==== SOURCE INFORMATION
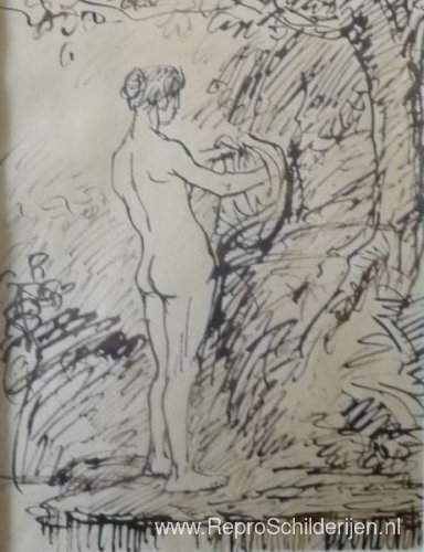 Wij bieden u een ambachtelijke reproductie op doek van het beroemde schilderij 'La Baigneuse ' van Theophile Steinlen, afkomstig uit het Reproductiemuseum.
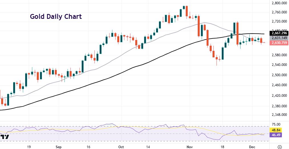 An NFP print above 240k, with the unemployment rate unchanged at 4.1%, will see the odds of a December rate reduction reined in with markets questioning if the Fed should simply sit on their hands. Rate cuts would likely get reined hurting gold. Support is $2605 and then around $2536. It would take a very weak NFP, say sub-100k with a higher jobless rate to reverse the US equity bull move. Investors might question the underlying health of the US economy which could help gold as a haven. Resistance sits at $2667 and then $2721.
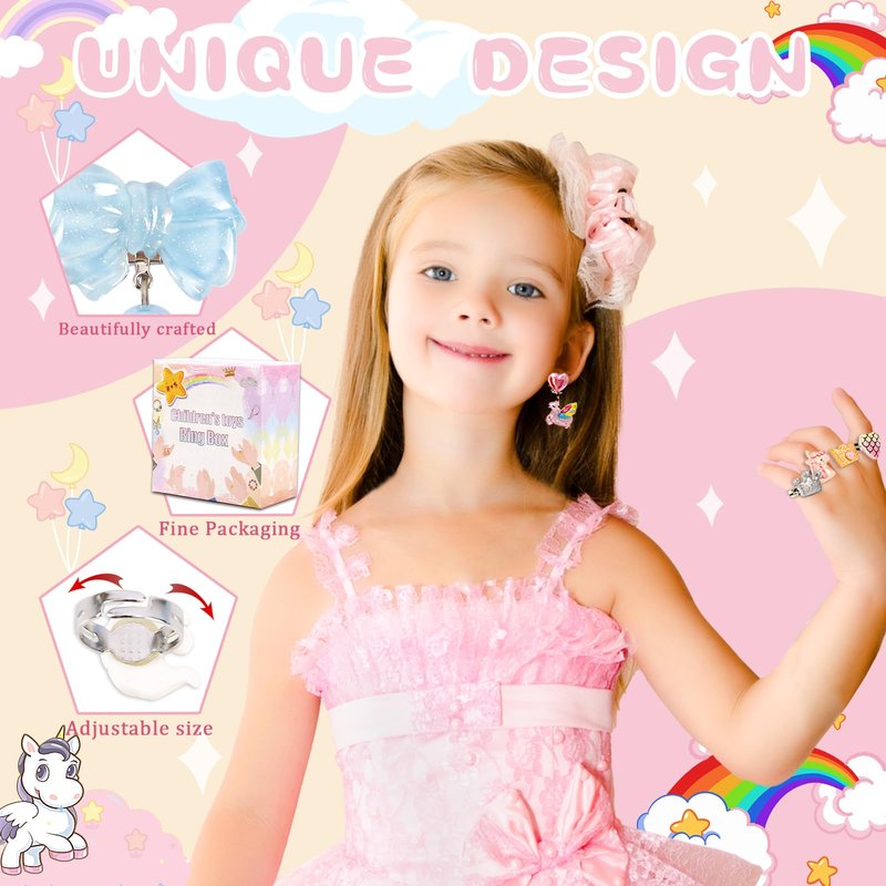 - Elaboration little girls jewelry:This camera style little girl jewelry box features 10 adjustable rings for kids and 4 pairs of clip on earrings for girls to keep your girls' fashion. Each kids rings for girls has a different design , Such as the animal rings, unicorn rings , star ring, butterfly ring, heart ring , Meet the many styles of girl jewelry. Girls toys age 6-8 for pretend play & dress up. Perfect for socializing and playing with best friend
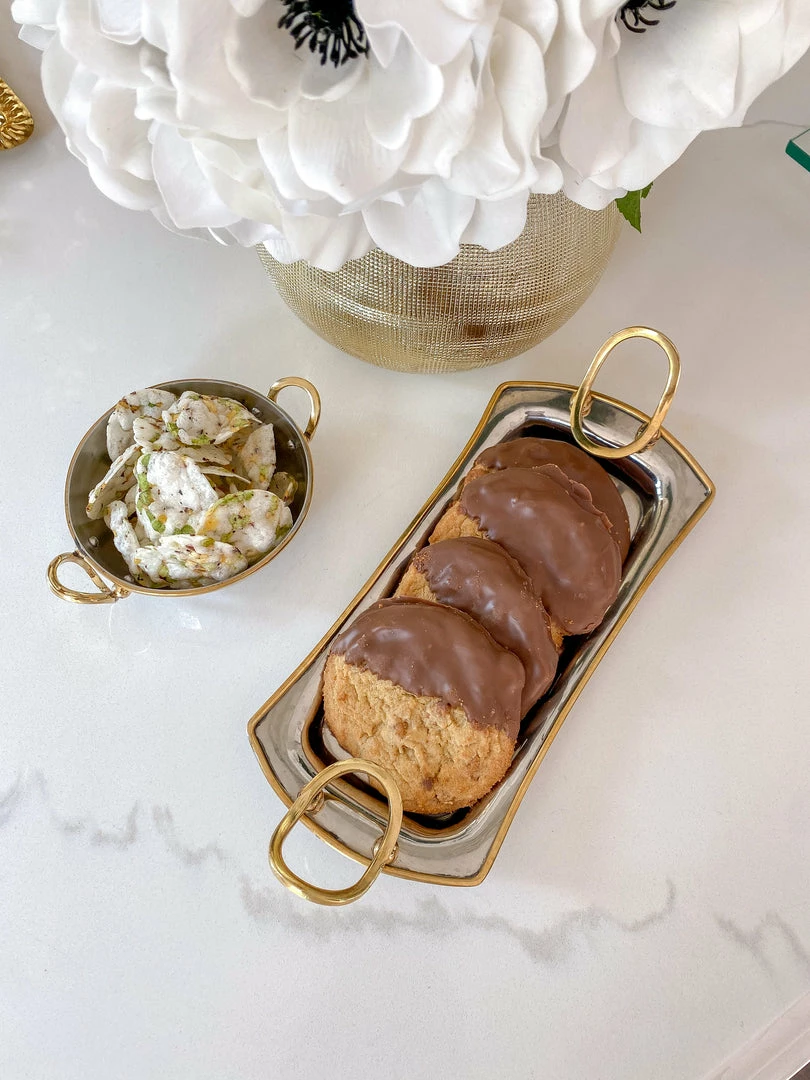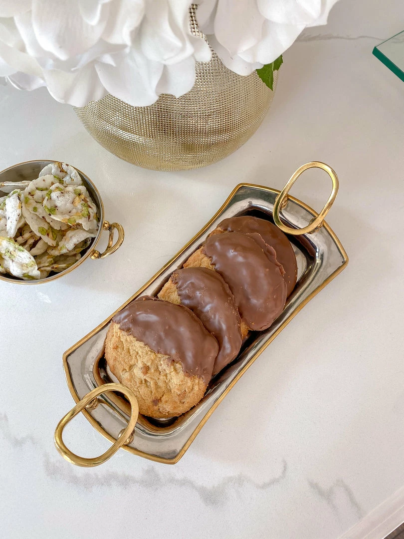 Description: This metal tray is simple and beautiful and perfect for any home decor!
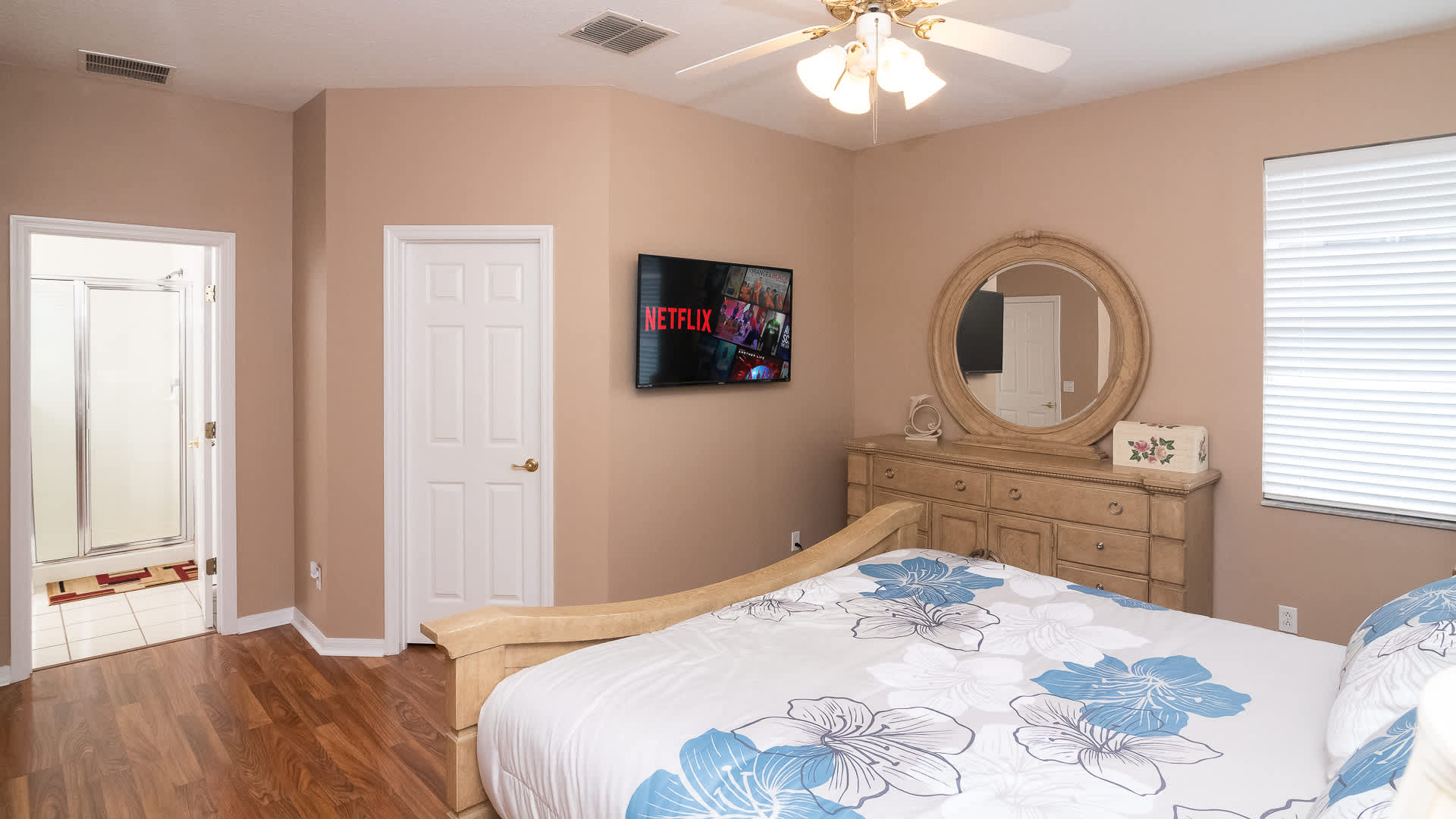 Bedroom #4 has a king size bed, smart tv, and ensuite bathroom with dual sinks, soaking tub, and walk-in shower.
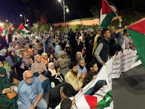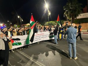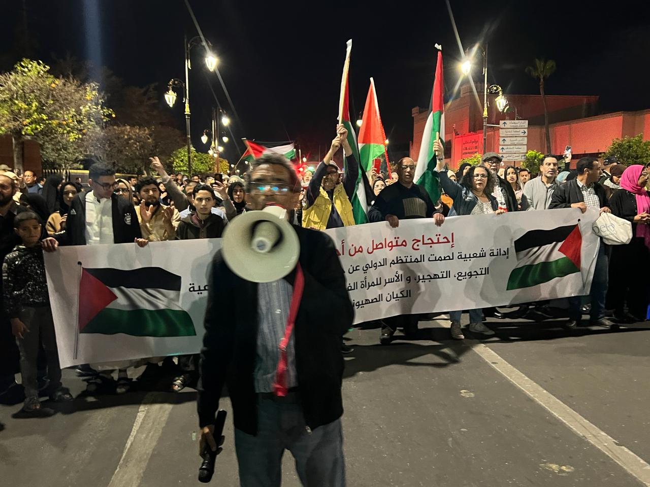 نظمت الجبهة المغربية لدعم فلسطين ومناهضة التطبيع بمراكش، ليلة أمس السبت 16 مارس الجاري، مسيرة احتجاجية للتعبير عن تضامنها ومساندتها للشعب الفلسطيني.
========
● WHAT THE TASK REQUIRES: Once the line containing "Bedroom #4 has" has been found, write out exactly that line and each one after it through the end of the data, leaving out every picture.

● ANSWER TO THE PROBLEM:
 Bedroom #4 has a king size bed, smart tv, and ensuite bathroom with dual sinks, soaking tub, and walk-in shower.
 نظمت الجبهة المغربية لدعم فلسطين ومناهضة التطبيع بمراكش، ليلة أمس السبت 16 مارس الجاري، مسيرة احتجاجية للتعبير عن تضامنها ومساندتها للشعب الفلسطيني.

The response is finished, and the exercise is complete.